In this situation, CBP was assisting ICE in locating an individual possibly aboard the flight that was ordered removed from the United States pursuant to the Immigration and Nationality Act. To assist ICE, CBP requested consensual assistance from passengers aboard the flight to determine whether the removable individual in question was in fact aboard the flight. In the course of seeking this assistance, CBP did not compel any of these domestic passengers to show identification. With much-appreciated cooperation from these passengers, CBP was able to resolve the issue with minimal delay to the traveling public.

It's quite legal for law enforcement to ask for “voluntary” cooperation. Anyone who follows criminal-procedure cases, however, knows that “voluntary” in legalese does not mean what ordinary people think it means. Supreme Court caselaw makes clear that officers may block an exit and ask for ID or permission to search. They aren’t required to tell the individual stopped that he or she may refuse, and they have every incentive to act as if refusal may result in arrest. The Supreme Court held in 1984 that “while most citizens will respond to a police request, the fact that people do so, and do so without being told they are free not to respond, hardly eliminates the consensual nature of the response.” Passengers deplaning after a long flight might reasonably fear they will be “detained” if they anger the law enforcement figure blocking their exit. That officer is under no obligation to tell them they can refuse.

I am a white, English-speaking law professor, affluent, privileged, articulate, and a native-born citizen. Such hair as I have is white and I can hardly seem like a threat to anyone. I have researched the matter, and feel reasonably confident that an agent would have to let me pass if I refused the demand for my papers. If not, I can afford counsel and my family knows excellent lawyers to call.
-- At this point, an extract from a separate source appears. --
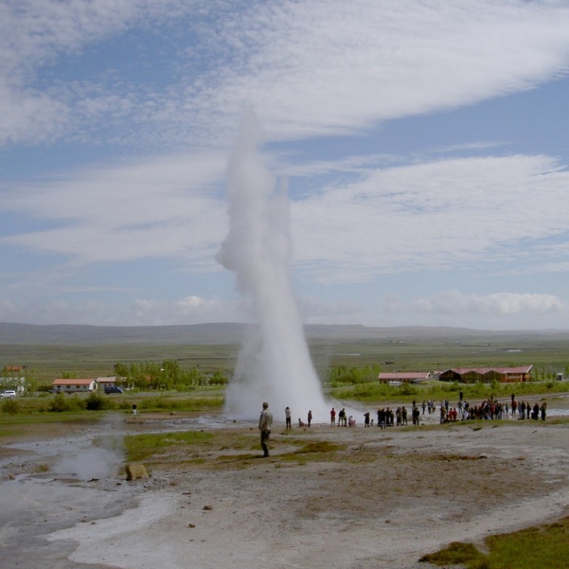 The next stop is the Great Geyser, which gave name to all the other hot springs in the world. Its eruption happens only once a day, but there is another hot spring Strokkur nearby, which erupts to a height of about 20 meters every 10 minutes.
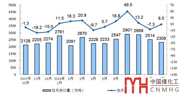 10月份,進(jìn)口煤炭2308萬(wàn)噸,同比增長(zhǎng)8.5%,上月為下降7.3%,增速由負(fù)轉(zhuǎn)正,環(huán)比下降超過(guò)200萬(wàn)噸,降幅8.2%。1-10月份,進(jìn)口煤炭2.5億噸,同比增長(zhǎng)11.5%。

I am vowing here and now not to show papers in this situation. I know that it will take gumption to follow through if the situation arises. What will be the reaction of ordinary travelers, some with outstanding warrants or other legal worries? Should we expect heroism of people who just want to get off an airplane?

Justice William O. Douglas once wrote that a regime of liberty includes “freedom from bodily restraint or compulsion, freedom to walk, stroll, or loaf.”

A shadow is falling over that freedom, both for aliens and for citizens. Its loss will be devastating.

Garrett Epps teaches constitutional law and creative writing for law students at the University of Baltimore. His latest book is American Justice 2014: Nine Clashing Visions on the Supreme Court.